Exercise data:
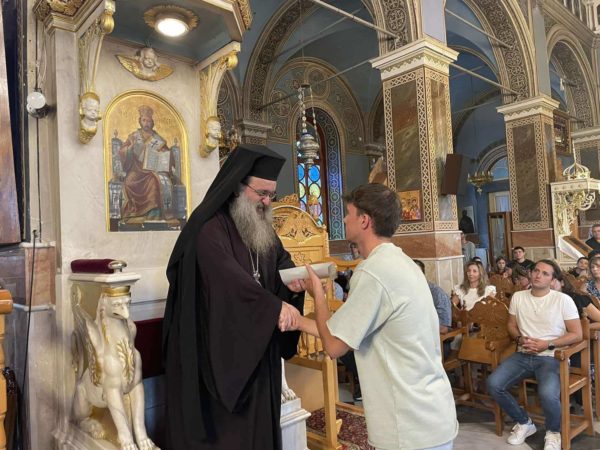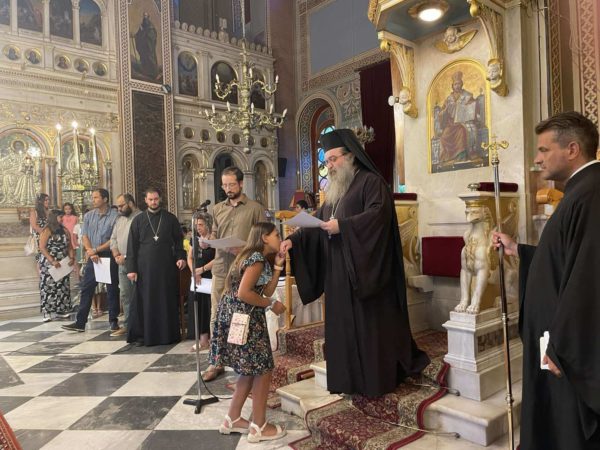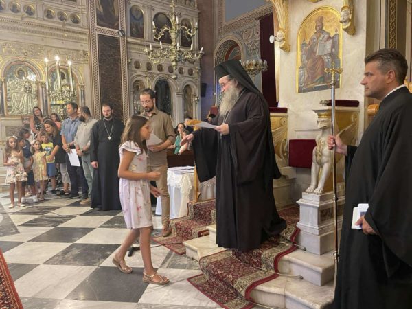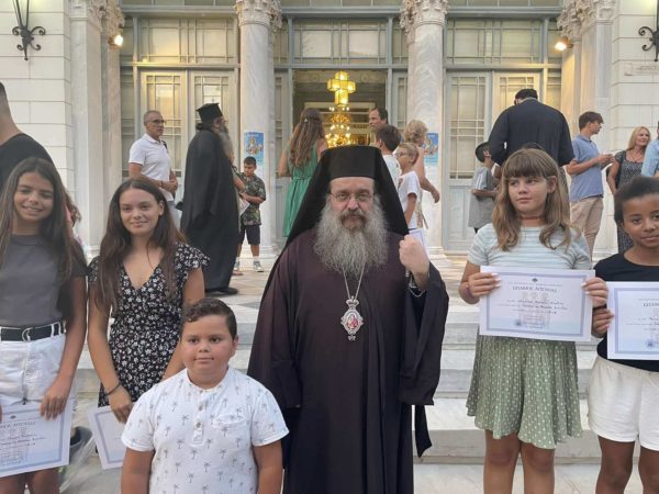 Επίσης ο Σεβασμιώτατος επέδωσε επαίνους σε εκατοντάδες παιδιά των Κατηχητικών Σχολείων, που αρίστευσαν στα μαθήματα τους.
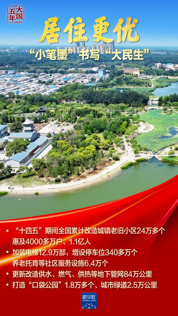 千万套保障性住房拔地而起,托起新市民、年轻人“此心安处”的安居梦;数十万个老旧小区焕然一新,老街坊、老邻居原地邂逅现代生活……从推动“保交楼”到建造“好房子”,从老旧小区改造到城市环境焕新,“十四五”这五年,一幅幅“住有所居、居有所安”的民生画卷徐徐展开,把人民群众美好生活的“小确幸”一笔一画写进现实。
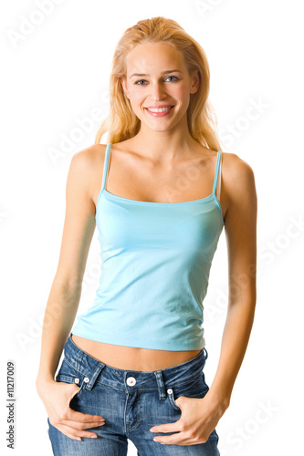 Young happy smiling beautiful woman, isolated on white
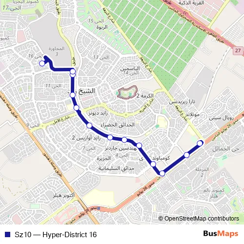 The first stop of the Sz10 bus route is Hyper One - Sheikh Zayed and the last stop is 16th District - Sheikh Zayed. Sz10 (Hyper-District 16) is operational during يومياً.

Work required: Skip the pictures. Please copy exactly the lines from the one with "Young happy smiling" through the final line of the material above, both ends included.

Response for this exercise:
 Young happy smiling beautiful woman, isolated on white
 The first stop of the Sz10 bus route is Hyper One - Sheikh Zayed and the last stop is 16th District - Sheikh Zayed. Sz10 (Hyper-District 16) is operational during يومياً.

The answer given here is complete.